Als weiteres Beispiel von versprochener aber nicht gelebter Kommunikation war die Planung rund um die neue Feuerwache der Stadt Alsfeld. Über einen Zeitraum von über eineinhalb Jahren fanden regelmäßige Treffen des „Arbeitskreises Feuerwehr“ statt. „Im Beisein von Abteilungsleitern der Stadtverwaltung, Magistratsmitgliedern, der Feuerwehrführung, des Planers und Vertretern der Fraktionen wurde sehr detailreich auch über kleinste Änderungen gesprochen - seit dem Amtsantritt von Bürgermeister Paule fand jedoch kein weiteres Arbeitstreffen mehr statt. Die zahlreichen ehrenamtlichen Arbeitskreisangehörigen haben dann aus der Zeitung erfahren, dass – entgegen der monatelangen Diskussion – nun doch ein nicht unerheblicher Teil eingespart werden kann. Ich hätte mir eine ebenso detaillierte Begründung zur plötzlich möglichen Einsparung gerne im Arbeitskreis erörtern lassen“, bemerkt Sauermann.

Schon im Wahlkampf hatte Bürgermeister Paule angekündigt, im Falle eines Sieges, dem 1. Stadtrat Jürgen Udo Pfeiffer das Dezernat für Feuerwehr, Kultur und Soziales wieder entziehen zu wollen. Dass dies dann bereits am Tag des Amtsantritts erfolgte, war für die Koalition aus SPD und ALA wenig überraschend.
„Irritiert haben wir dann zur Kenntnis genommen, dass zumindest die Bereiche Kultur und Soziales in einer Stabstelle gemeinsam mit der Öffentlichkeitsarbeit und Wirtschaftsangelegenheiten wieder auf eine Person gebündelt werden soll“, so Stephan Hanisch Mitglied im SPD-Fraktionsvorstand.

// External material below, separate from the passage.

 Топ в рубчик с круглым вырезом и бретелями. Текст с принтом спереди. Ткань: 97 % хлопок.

„Auch unserem 1. Stadtrat Pfeiffer darf man unterstellen, dass er sich – wenn auch „nur“ im Ehrenbeamtenverhältnis tätig – für die Belange der Stadt Alsfeld einsetzt“ erklärt Hanisch und ergänzt „aber auch dieses Handeln zeigt einmal mehr, worum es dem neuen Bürgermeister und der CDU vordergründig geht.“ Darüber hinaus ist ebenfalls nicht nachvollziehbar, was genau mit der Schaffung einer Stabstelle in einer Verwaltung in der Größenordnung Alsfelds überhaupt bezweckt wird. Der Bürgermeister in Hessen ist Leiter der Verwaltung und damit allen Mitarbeitern gegenüber weisungsbefugt und dies ganz gleich auf welcher Stufe der Hierarchie sich Bedienstete befinden. Ferner stehe zu befürchten, dass die Bereiche Kultur und Soziales durch die „Neuausrichtung“ der Stadtverwaltung lediglich zu Anhängseln von Wirtschaftsangelegenheiten degradiert werden, heißt es in der Presseerklärung weiter.

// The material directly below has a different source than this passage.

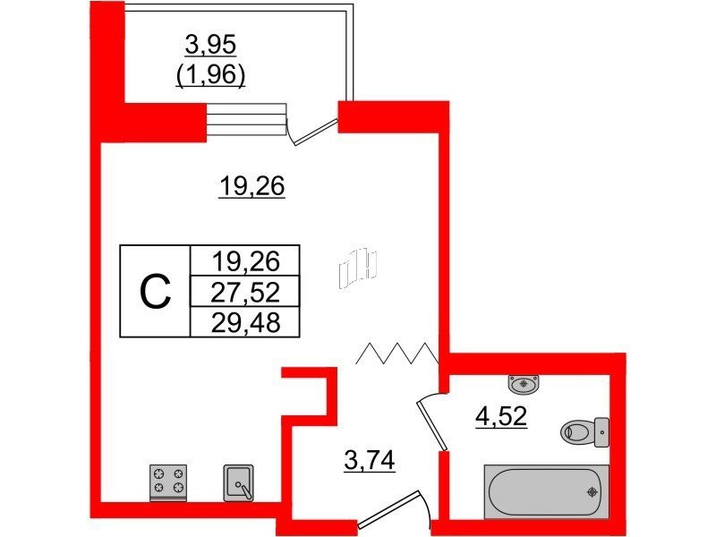 Общая площадь 29.48 м2

In seiner eigenen Bilanz sieht Bürgermeister Paule „erste Spuren seiner Handschrift“ was die Vermarktung des Dirsröder Feldes und die „wirtschaftliche Weichenstellung für die Stadt“ angeht. „In diesem Zusammenhang muss sich der Bürgermeister allerdings die Frage gefallen lassen, welche Auswirkungen der Verkauf eines Grundstückes im Dirsröder Feld an das Technische Hilfswerk auf die Schaffung von Arbeitsplätzen und bei den Gewerbesteuereinnahmen hat,“ so Michael Riese. „Noch im Bürgermeisterwahlkampf konnten Herrn Paule und der CDU die Unternehmen die in Alsfeld angesiedelt werden sollen, nicht groß genug sein“, erinnert sich Sauermann.

Noch viel größer waren allerdings die Ambitionen von Bürgermeister Paule, noch im Jahr 2013 den Haushalt für das Jahr 2014 einzubringen. Leider ist es auch in diesem Zusammenhang bei dem großen Versprechen des neuen Bürgermeisters geblieben. „Dabei dürften sich nicht nur die politischen Akteure aller Parteien brennend für das Zahlenwerk interessieren sondern vielmehr auch die Bürgerinnen und Bürger unserer Heimatstadt, welche Opfer der Bürgermeister gegebenenfalls zur Konsolidierung des Haushaltes für sie bereit hält “, so Hanisch, Riese und Sauermann abschließend.